5.1 Quantization Method Comparison

Method Precision Speed Quality Memory
FP16 16-bit 1x 100% 1x
GPTQ 4-bit ~1.5x 98-99% 0.25x
AWQ 4-bit ~2x 98-99% 0.25x
GGUF 2-8bit ~2x 95-99% 0.15-0.5x
bitsandbytes 4/8-bit ~1.2x 97-99% 0.25-0.5x

5.2 Using Quantization

from transformers import AutoModelForCausalLM, AutoTokenizer, BitsAndBytesConfig

# bitsandbytes 4-bit
def load_4bit_model(model_name: str):
    """Load 4-bit quantized model"""
    bnb_config = BitsAndBytesConfig(
        load_in_4bit=True,
        bnb_4bit_quant_type="nf4",
        bnb_4bit_compute_dtype=torch.bfloat16,
        bnb_4bit_use_double_quant=True
    )

    model = AutoModelForCausalLM.from_pretrained(
        model_name,
        quantization_config=bnb_config,
        device_map="auto"
    )

    return model


# GPTQ
def load_gptq_model(model_name: str):
    """Load GPTQ quantized model"""
    from auto_gptq import AutoGPTQForCausalLM

    model = AutoGPTQForCausalLM.from_quantized(
        model_name,
        device_map="auto",
        use_safetensors=True
    )

    return model


# AWQ
def load_awq_model(model_name: str):
    """Load AWQ quantized model"""
    from awq import AutoAWQForCausalLM

    model = AutoAWQForCausalLM.from_quantized(
        model_name,
        fuse_layers=True,
        device_map="auto"
    )

    return model

6. Batch Processing Optimization

6.1 Continuous Batching

class ContinuousBatcher:
    """Continuous Batching implementation"""

    def __init__(
        self,
        model,
        tokenizer,
        max_batch_size: int = 32,
        max_seq_len: int = 2048
    ):
        self.model = model
        self.tokenizer = tokenizer
        self.max_batch_size = max_batch_size
        self.max_seq_len = max_seq_len

        # Active requests
        self.active_requests = {}
        self.request_queue = []

    def add_request(self, request_id: str, prompt: str, max_tokens: int):
        """Add new request"""
        tokens = self.tokenizer.encode(prompt)
        self.request_queue.append({
            "id": request_id,
            "tokens": tokens,
            "generated": [],
            "max_tokens": max_tokens
        })

    def step(self) -> dict:
        """Process one step"""
        # 1. Add new requests to batch
        while (len(self.active_requests) < self.max_batch_size and
               self.request_queue):
            req = self.request_queue.pop(0)
            self.active_requests[req["id"]] = req

        if not self.active_requests:
            return {}

        # 2. Compose batch
        batch_ids, batch_tokens = self._prepare_batch()

        # 3. Forward pass
        with torch.no_grad():
            outputs = self.model(batch_tokens)
            next_tokens = outputs.logits[:, -1].argmax(dim=-1)

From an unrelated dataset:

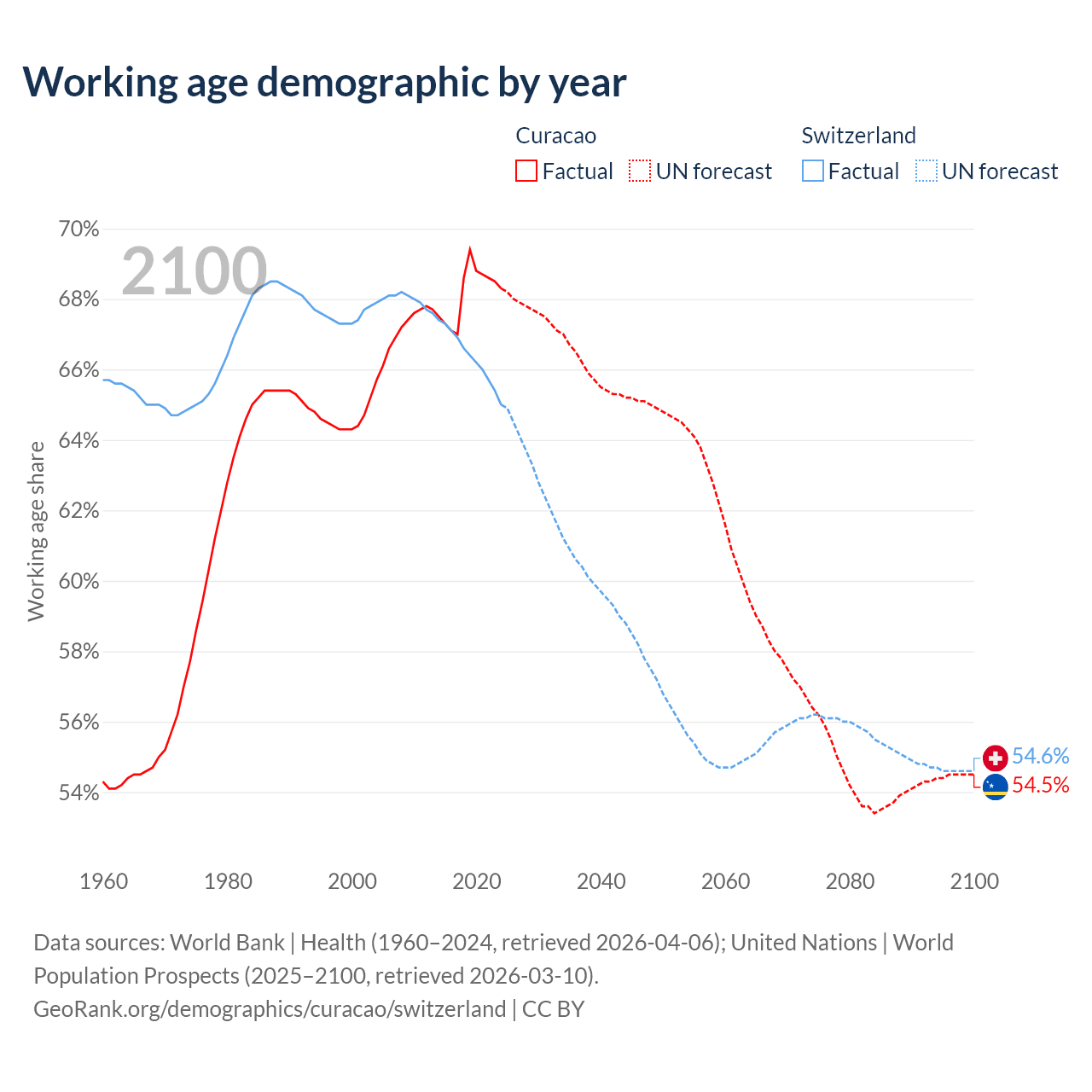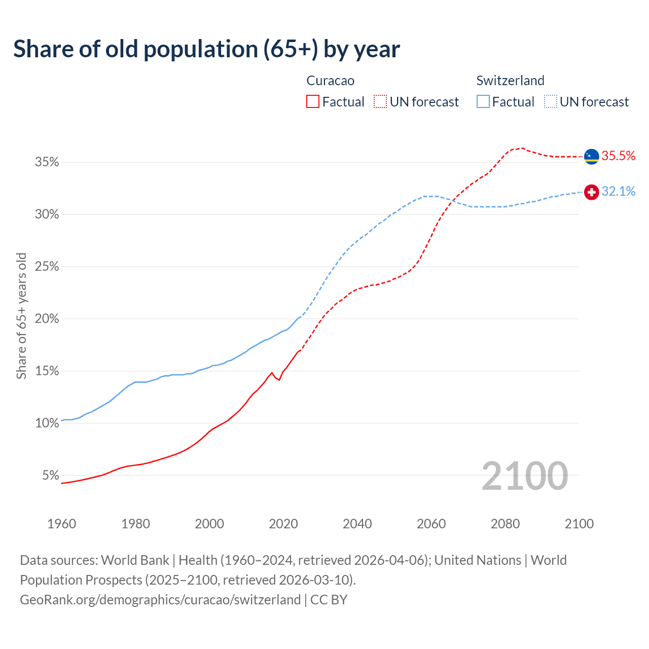 Median age Curacao vs Switzerland, 1960-2100

        # 4. Update results
        results = {}
        completed = []

        for i, req_id in enumerate(batch_ids):
            req = self.active_requests[req_id]
            token = next_tokens[i].item()
            req["generated"].append(token)

            # Check completion
            if (len(req["generated"]) >= req["max_tokens"] or
                token == self.tokenizer.eos_token_id):
                results[req_id] = self.tokenizer.decode(req["generated"])
                completed.append(req_id)

        # 5. Remove completed requests
        for req_id in completed:
            del self.active_requests[req_id]

        return results

    def _prepare_batch(self):
        """Prepare batch (with padding)"""
        batch_ids = list(self.active_requests.keys())
        sequences = []

        for req_id in batch_ids:
            req = self.active_requests[req_id]
            seq = req["tokens"] + req["generated"]
            sequences.append(seq)

        # Padding
        max_len = max(len(s) for s in sequences)
        padded = []
        for seq in sequences:
            padded.append(seq + [self.tokenizer.pad_token_id] * (max_len - len(seq)))

        return batch_ids, torch.tensor(padded)

7. Performance Benchmarking

import time
from dataclasses import dataclass
from typing import List

@dataclass
class BenchmarkResult:
    throughput: float  # tokens/second
    latency_p50: float  # ms
    latency_p99: float  # ms
    memory_gb: float

def benchmark_inference(
    model,
    tokenizer,
    prompts: List[str],
    max_tokens: int = 100,
    num_runs: int = 10
) -> BenchmarkResult:
    """Inference benchmark"""
    latencies = []
    total_tokens = 0

    # Warmup
    for prompt in prompts[:2]:
        inputs = tokenizer(prompt, return_tensors="pt").to(model.device)
        _ = model.generate(**inputs, max_new_tokens=10)

    # Benchmark
    for _ in range(num_runs):
        for prompt in prompts:
            inputs = tokenizer(prompt, return_tensors="pt").to(model.device)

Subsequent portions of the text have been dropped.